* **About this exercise**
For this exercise, transcribe every line of the material exactly and skip the pictures.

* **Information shown**
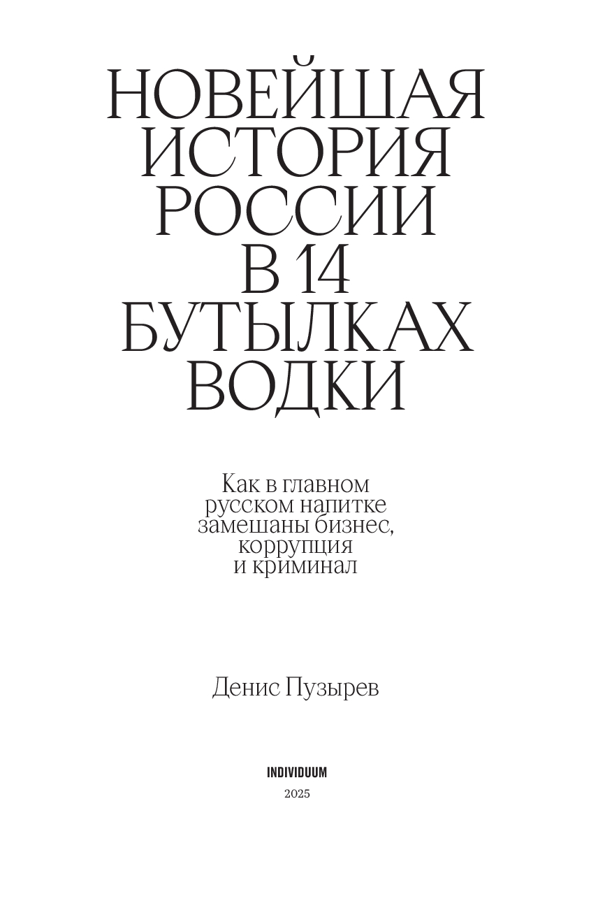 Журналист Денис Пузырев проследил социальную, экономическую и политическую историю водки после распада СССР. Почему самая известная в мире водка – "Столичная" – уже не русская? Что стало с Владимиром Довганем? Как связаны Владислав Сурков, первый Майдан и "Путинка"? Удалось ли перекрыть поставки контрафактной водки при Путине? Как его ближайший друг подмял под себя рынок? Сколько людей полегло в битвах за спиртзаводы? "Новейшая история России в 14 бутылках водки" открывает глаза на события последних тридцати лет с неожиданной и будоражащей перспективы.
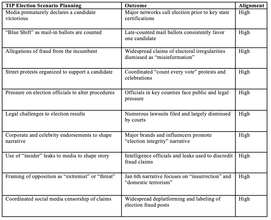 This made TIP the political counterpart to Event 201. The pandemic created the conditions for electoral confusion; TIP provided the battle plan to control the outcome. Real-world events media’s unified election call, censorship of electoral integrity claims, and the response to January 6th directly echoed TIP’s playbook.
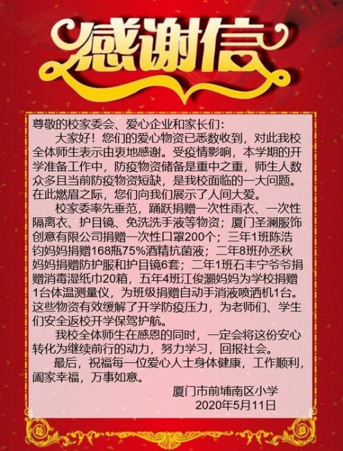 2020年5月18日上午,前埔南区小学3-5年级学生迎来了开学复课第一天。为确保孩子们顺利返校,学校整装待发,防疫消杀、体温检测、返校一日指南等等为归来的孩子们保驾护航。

* **Solved exercise**
 Журналист Денис Пузырев проследил социальную, экономическую и политическую историю водки после распада СССР. Почему самая известная в мире водка – "Столичная" – уже не русская? Что стало с Владимиром Довганем? Как связаны Владислав Сурков, первый Майдан и "Путинка"? Удалось ли перекрыть поставки контрафактной водки при Путине? Как его ближайший друг подмял под себя рынок? Сколько людей полегло в битвах за спиртзаводы? "Новейшая история России в 14 бутылках водки" открывает глаза на события последних тридцати лет с неожиданной и будоражащей перспективы.
 This made TIP the political counterpart to Event 201. The pandemic created the conditions for electoral confusion; TIP provided the battle plan to control the outcome. Real-world events media’s unified election call, censorship of electoral integrity claims, and the response to January 6th directly echoed TIP’s playbook.
 2020年5月18日上午,前埔南区小学3-5年级学生迎来了开学复课第一天。为确保孩子们顺利返校,学校整装待发,防疫消杀、体温检测、返校一日指南等等为归来的孩子们保驾护航。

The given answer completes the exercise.